_WORK TASK_
Restate all the lines below word for word, but omit the pictures.

_DATA BLOCK_
══════════════════════════════

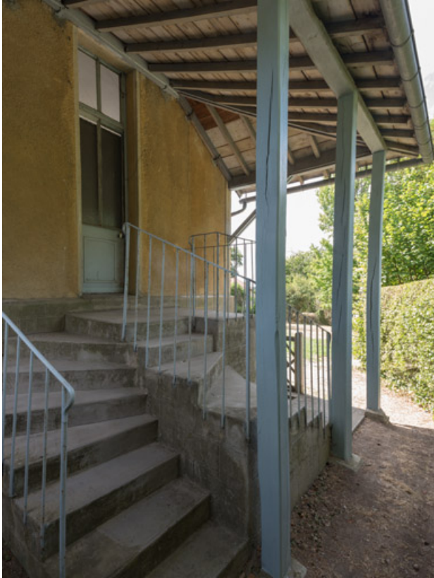
Entrée latérale, côté nord.

58, Saint-Honoré-les-Bains, 8 avenue de Rémilly
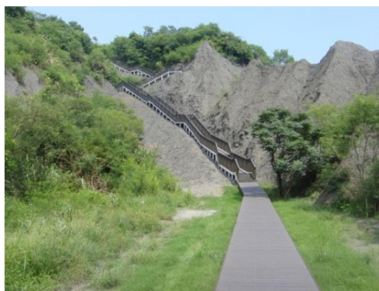
圖 9 月世界風景區創造國內最優質的特殊地質體驗園區
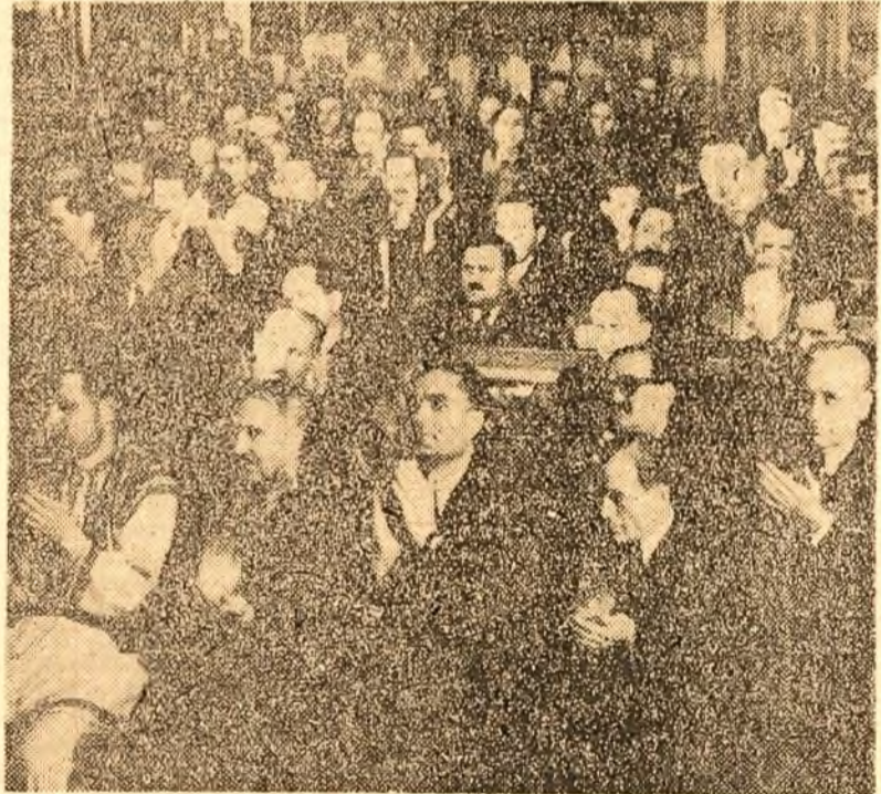
Deputații aplaudă cuvintele ministrului de Externe

══════════════════════════════

_WRITTEN RESPONSE_
Entrée latérale, côté nord.

58, Saint-Honoré-les-Bains, 8 avenue de Rémilly
圖 9 月世界風景區創造國內最優質的特殊地質體驗園區
Deputații aplaudă cuvintele ministrului de Externe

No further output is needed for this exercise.